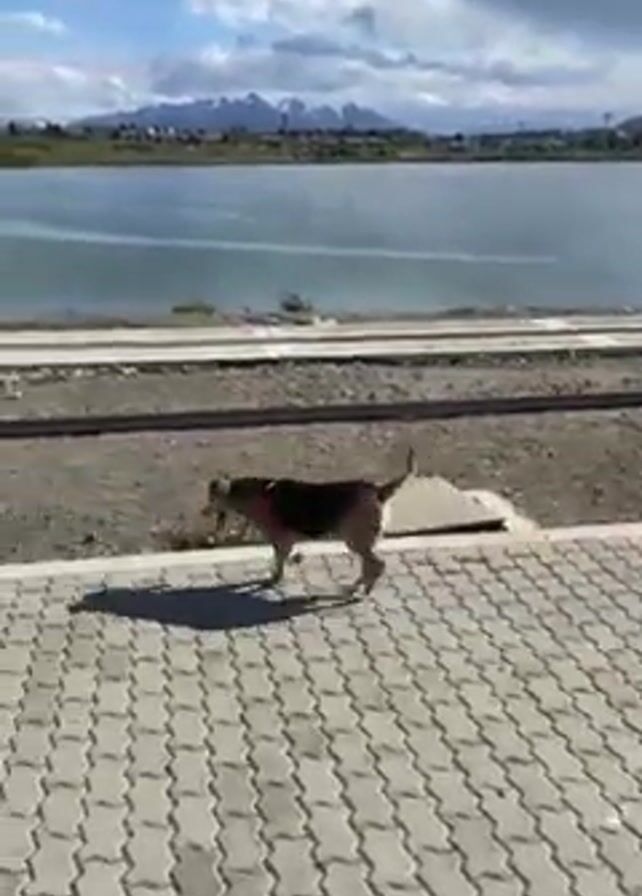 A medium-sized dog trotting right to left along a paved area with a stick in its mouth, the background shows a body of water with mountains in the distance. A woman in a camouflage jacket and jeans walks along a paved promenade, holding a phone. The backdrop features a scenic view of a bay, mountains, and a town.
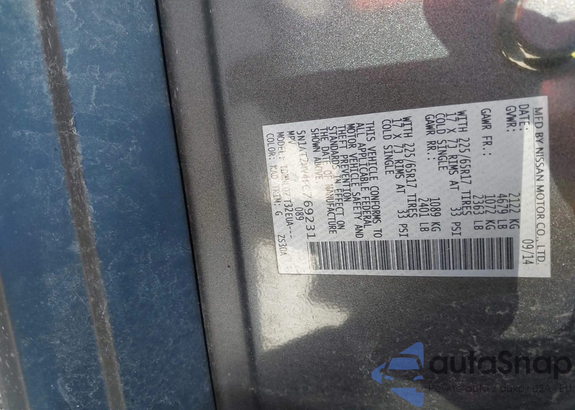 • VIN 5N1AT2MV4FC769231
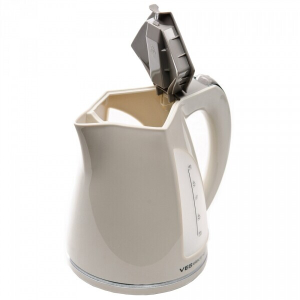 Электрочайник VES 1015 имеет кнопку для открытия крышки, индикатор работы и удобную подставку с возможностью вращения на 360 градусов.
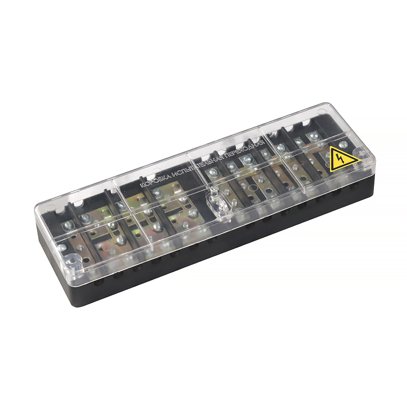 Коробки испытательные переходные применяются в пунктах установки средств учёта электроэнергии для обеспечения закорачивания вторичных цепей трансформаторов тока, отключения токовых цепей счетчика и цепей напряжения в каждой фазе счетчика при его проверке или замене без снятия напряжения в электроустановке. Коробки обеспечивают возможность включения образцового счетчика без отсоединения проводов и кабелей, а также защиту электрических соединений от несанкционированного доступа. Коробки предназначены для эксплуатации, хранения и транспортирования в макроклиматических районах с умеренным и холодным климатом, вид климатического исполнения – УХЛ, категория размещения 3 по ГОСТ 15150, при этом нижнее предельное значение температуры воздуха при эксплуатации, минус 60 °С, верхнее предельное значение температуры воздуха при эксплуатации, плюс 70 °С, при относительной влажности воздуха не более 98% при 25 °С, на высотах до 1000 м. Коробки не предназначены для эксплуатации в средах с повышенной взрывоопасностью, а также, в средах, содержащих кислоты, коррозионные газы или вещества. ТЕХНИЧЕСКИЕ ХАРАКТЕРИСТИКИ 1 Номинальное напряжение, В 380 В 2 Количество фаз 3 3 Номинальная частота, Гц 50 4 Номинальный ток, А 10 5 Класс защиты по ГОСТ 12.2.007.0 - II 6 Степень защиты от попадания внешних твердых предметов и вредного воздействия воды по ГОСТ 14254 - в закрытом состоянии IP 20 - со снятой крышкой нет защиты 7 Габариты, длина - ширина - высота, 220* 68* 33мм 8 Масса, кг 0,4 9 Материал корпуса стеклонаполненный огнеупорный полиамид 10 Сечение подключаемых проводников: 0,5 - 4мм2
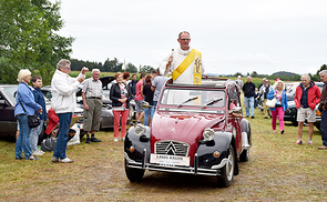 Bei der 27. Landl Rallye in Meggenhofen von 19. bis 21. August 2016 segnete PAss Diakon Andreas Hagler die anwesenden Oldtimer und ihre Besitzer, sowie zahlreiche Gäste, wie im letzten Jahr bereits aus dem fahrenden „Papamobil“.
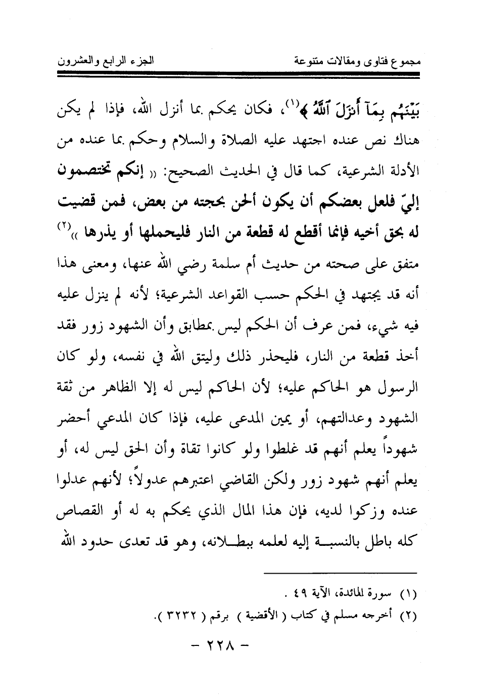 فكان يحكم بما أنزل الله، فإذا لم يكن هناك نص عنده اجتهد عليه الصلاة والسلام وحكم بما عنده من الأدلة الشرعية، كما قال في الحديث الصحيح: «إنكم تختصمون إلي فلعل بعضكم أن يكون ألحن بحجته من بعض، فمن قضيت له بحق أخيه فإنما أقطع له قطعة من النار فليحملها أو يذرها (¬1) » ، متفق على صحته من حديث أم سلمة رضي الله عنها، ومعنى هذا أنه قد يجتهد في الحكم حسب القواعد الشرعية؛ لأنه لم ينزل عليه فيه شيء، فمن عرف أن الحكم ليس بمطابق وأن الشهود زور فقد أخذ قطعة من النار، فليحذر ذلك وليتق الله في نفسه، ولو كان الرسول هو الحاكم عليه، لأن الحاكم ليس له إلا الظاهر من ثقة الشهود وعدالتهم، أو يمين المدعي عليه، فإذا كان المدعو أحضر شهودا علم أنهم قد غلطوا ولو كانوا تقاة وأن الحق ليس له، أو يعلم أنهم شهود زور ولكن القاضي اعتبرهم عدولا، لأنهم عدلوا عنده وزكوا لديه، فإن هذا المال الذي يحكم به له أو القصاص كله باطل بالنسبة إليه لعلمه ببطلانه، وهو قد تعدى حدود الله
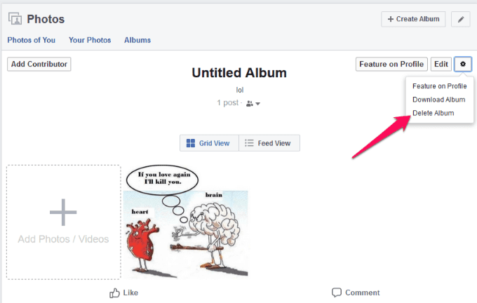 - Haga clic(Click) en el ícono de ajustes en el lado superior derecho y luego haga clic en Eliminar álbum(Delete Album) .
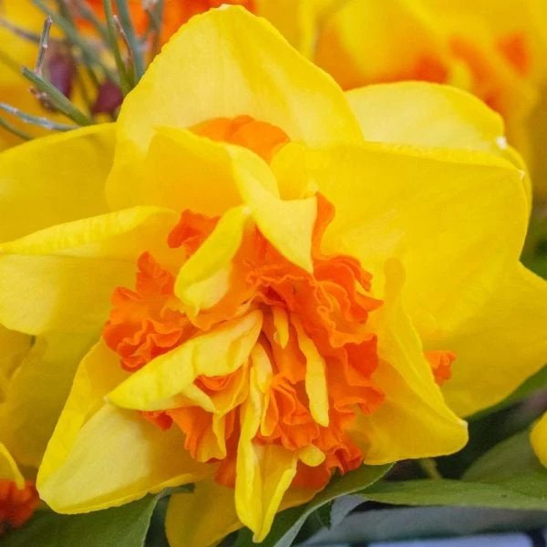Go boldly into spring with the showy, colorful, fragrant blossoms of mid-season double Narcissus ‘Vulcanello.’ Layers of greenish-yellow petals encircle a center of wavy, bright orange corona segments. Midseason.
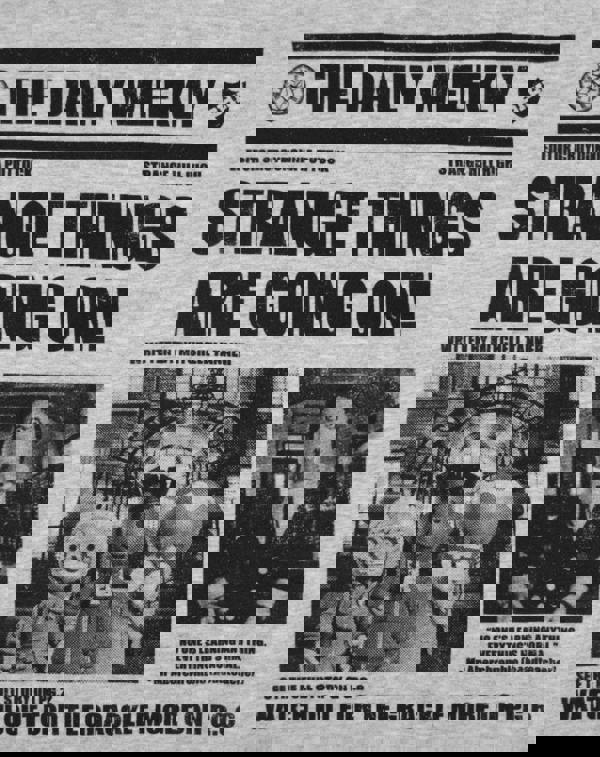 The large design showcases a fun print inspired by an old school newspaper feature reading, "Strange Things Are Going On," with two photographic images of the main characters from the extraordinary school
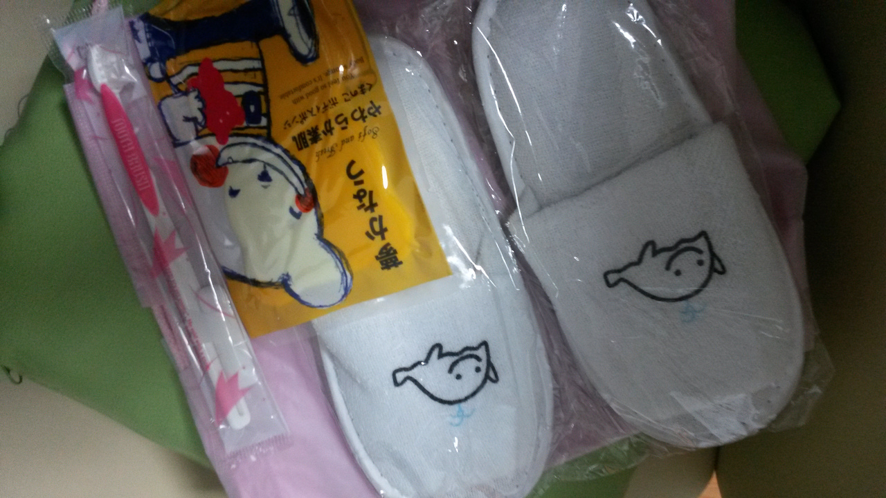 フロントで2才女児用のアメニティをいただきました。スリッパが可愛い‼お風呂用のスポンジや、歯ブラシセット。国際フェリー乗り場が近いので、中韓の人が多いです。駅から徒歩で行けますが、雨風の日は吹きっさらしで大変です。すぐよこに海峡ゆめタワーがあります。
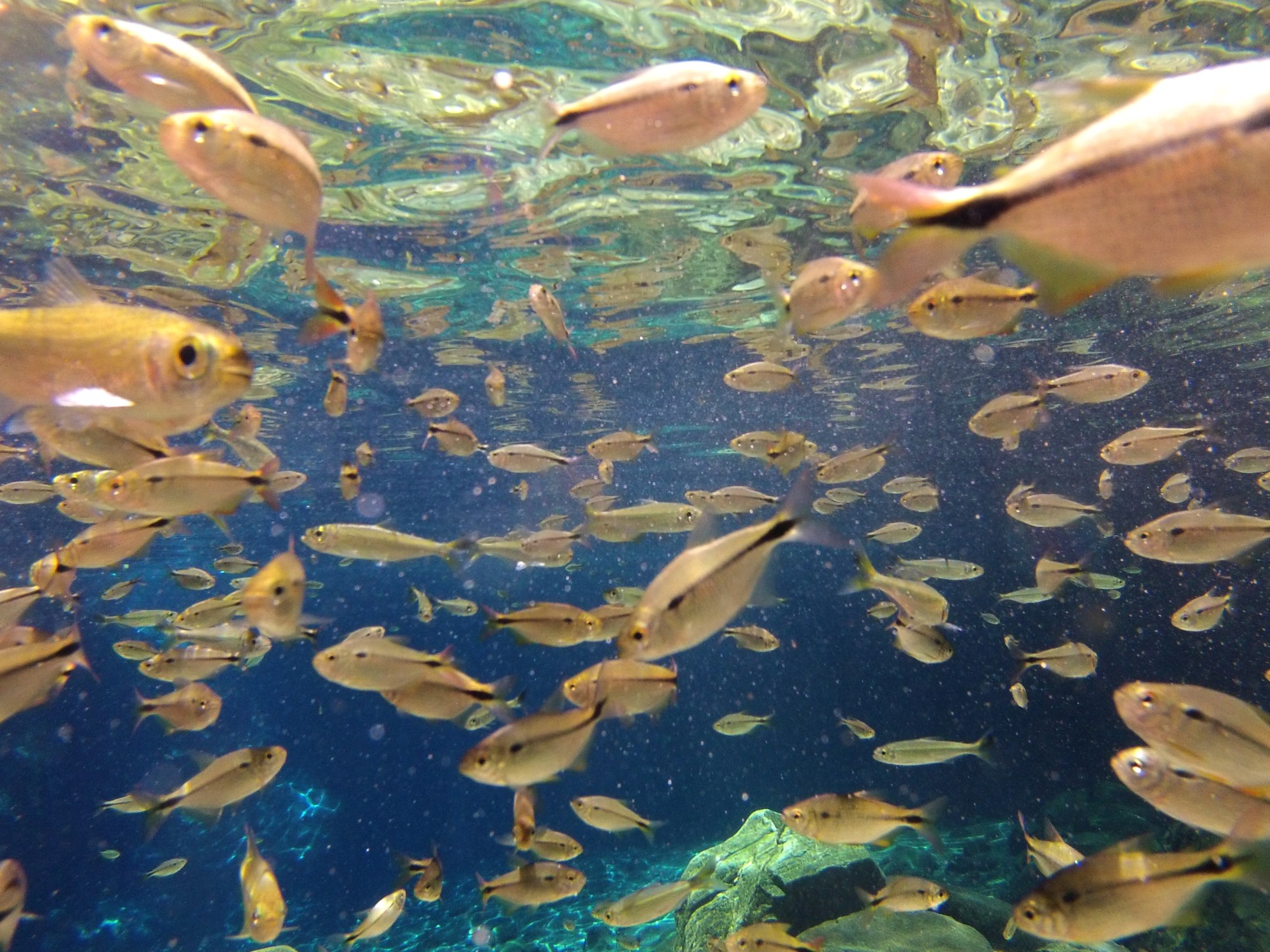 Continuamos a caminhada e chegamos no incrível Poço Azul. Lindo! Muito verde, limpíssimo. Dá pra ver tudo embaixo d’água, e tem uma cachoeira que deságua no lago. Impressionante tanta beleza no meio do cerrado, seco e quente! Nadamos bastante, mergulhamos, muitas fotos. Bom demais!
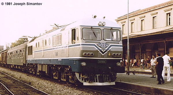 The A-551 class was built in 1982 by Electroputere in Craiova, Romania. They develop 4000 HP with a Resita-built 16-251R prime mover and saw service until July 1998 on the mainline between Athens and Thessaloniki with freights and heavy passenger trains. Though they have two control stands, only one was actually used - see the rear of #552 covered with diesel exhaust. The awesome units were turned after each service...
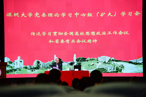 12月16日下午,我校在国际会议厅召开校党委理论学习中心组(扩大)学习会。我校党委委员,各行政副校长,各基层党委、党总支书记、副书记,各学院的班子成员,各直属教研教辅单位以及机关各部室正副职负责人等参加了会议。 12月7日至8日,全国高校思想政治工作会议在北京召开,习近平总书记出席会议并发表重要讲话,连日来在全国教育战线持续引发热烈反响。12月13日,中共广东省委组织部、省委宣传部、省委教育工委召开学习贯彻习...
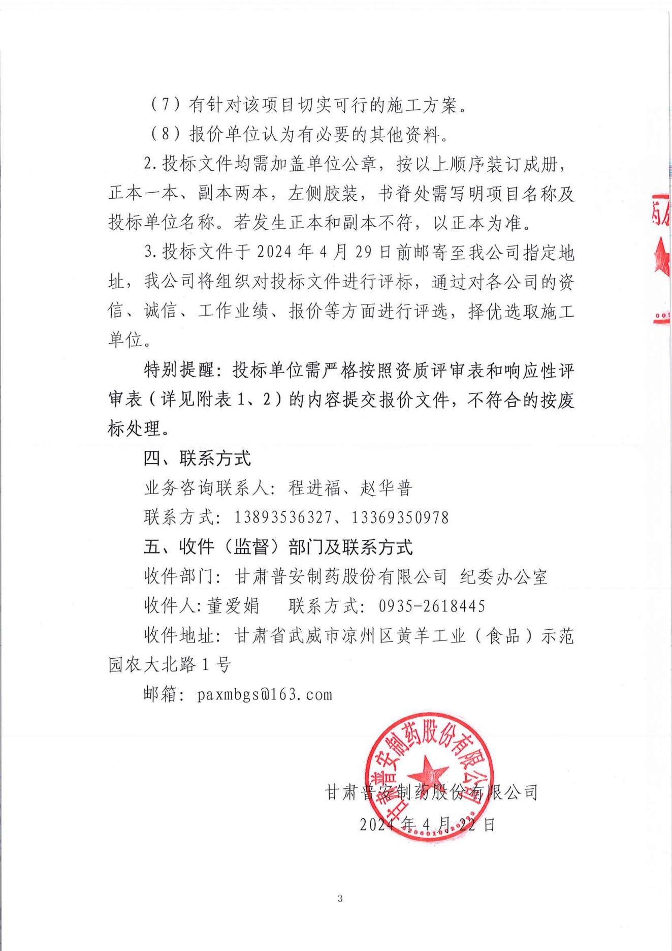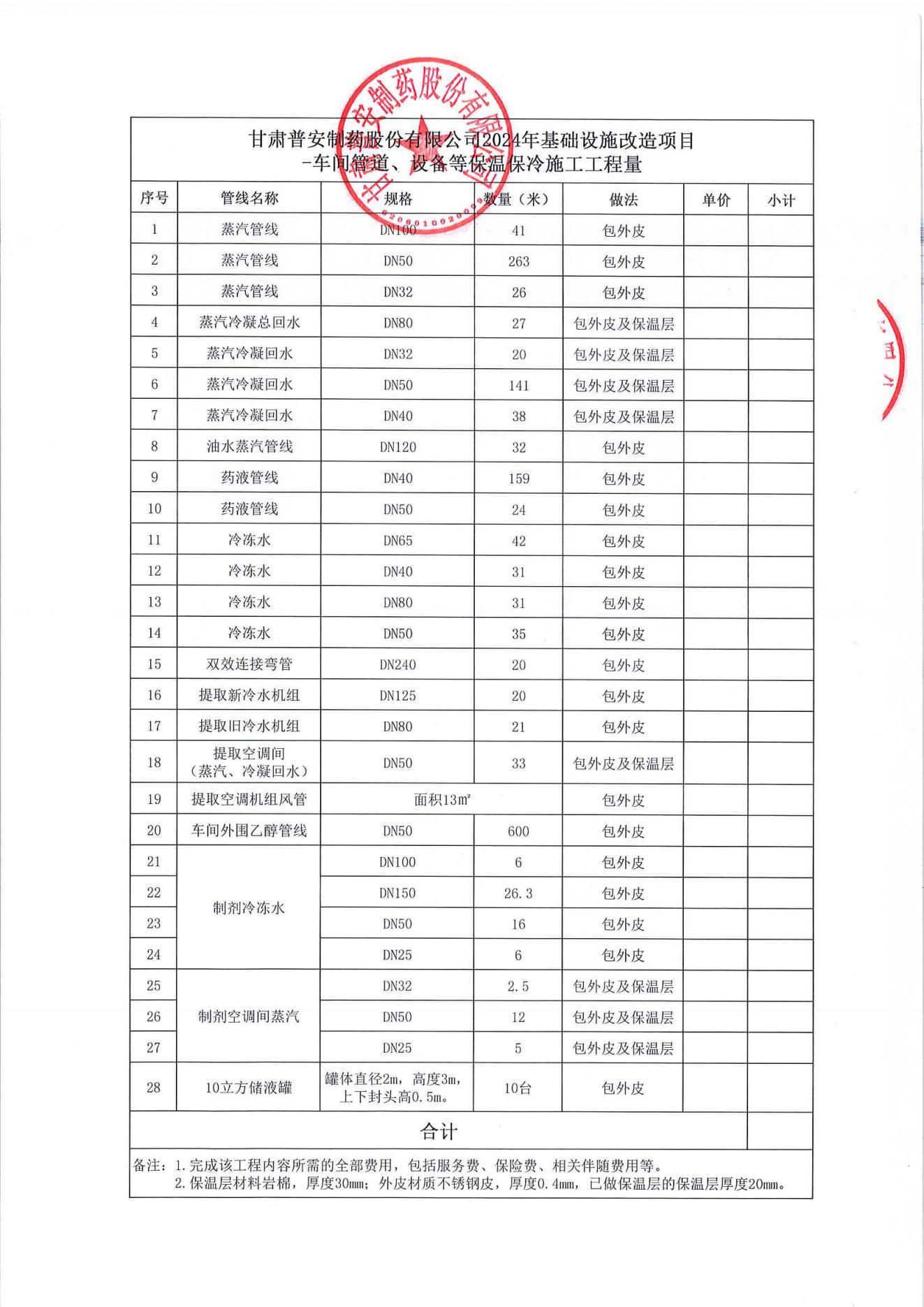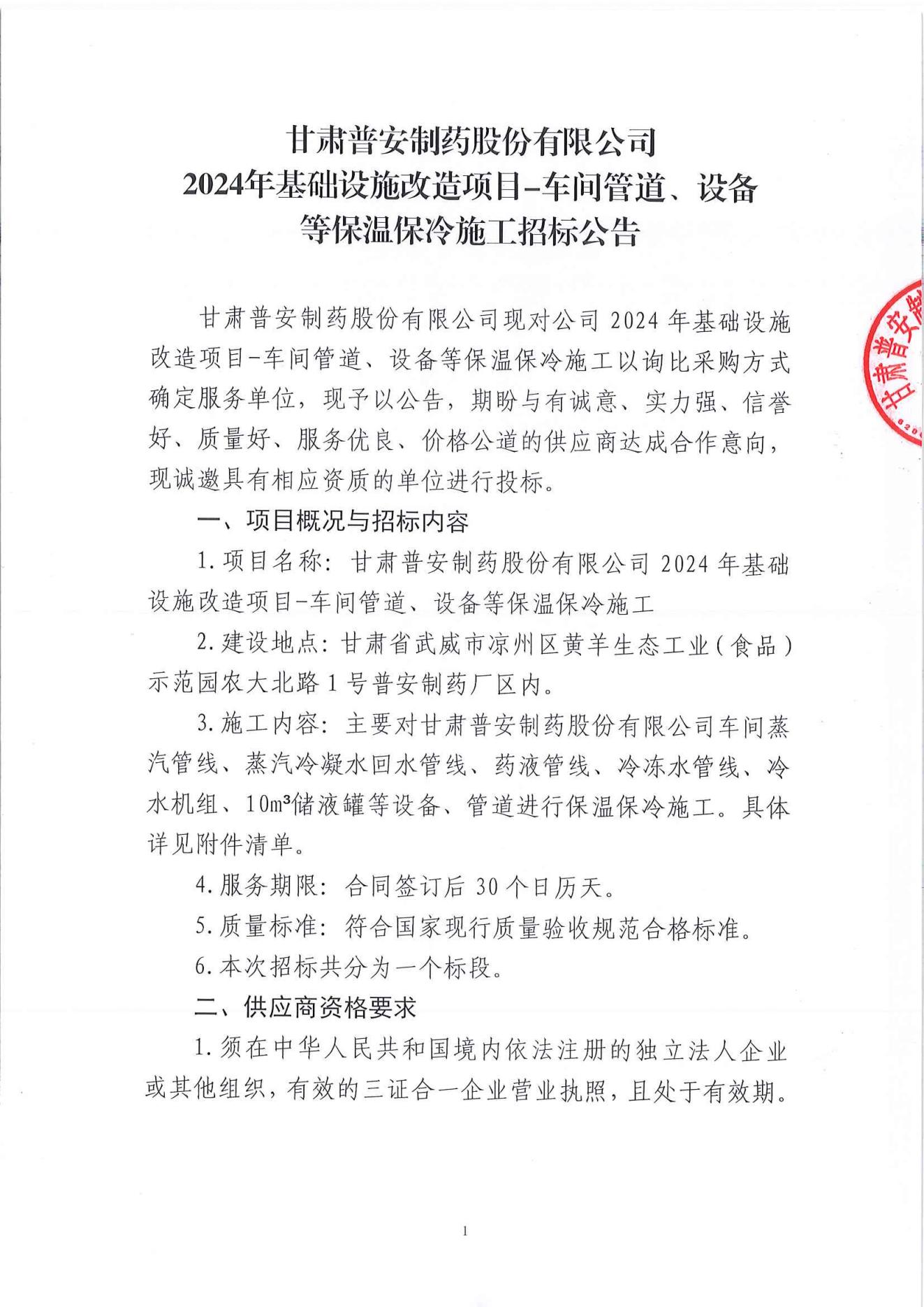 甘肅普安制藥股份有限公司2024年基礎(chǔ)設(shè)施改造項目-車間管道、設(shè)備等保溫保冷施工招標公告

» **Exercise description**: All pictures are to be skipped. Output, word for word, the lines in the data above starting at the line containing "- Haga clic(Click)" and ending at the line containing "フロントで2才女児用のアメニ".

» **Output**:
 - Haga clic(Click) en el ícono de ajustes en el lado superior derecho y luego haga clic en Eliminar álbum(Delete Album) .
Go boldly into spring with the showy, colorful, fragrant blossoms of mid-season double Narcissus ‘Vulcanello.’ Layers of greenish-yellow petals encircle a center of wavy, bright orange corona segments. Midseason.
 The large design showcases a fun print inspired by an old school newspaper feature reading, "Strange Things Are Going On," with two photographic images of the main characters from the extraordinary school
 フロントで2才女児用のアメニティをいただきました。スリッパが可愛い‼お風呂用のスポンジや、歯ブラシセット。国際フェリー乗り場が近いので、中韓の人が多いです。駅から徒歩で行けますが、雨風の日は吹きっさらしで大変です。すぐよこに海峡ゆめタワーがあります。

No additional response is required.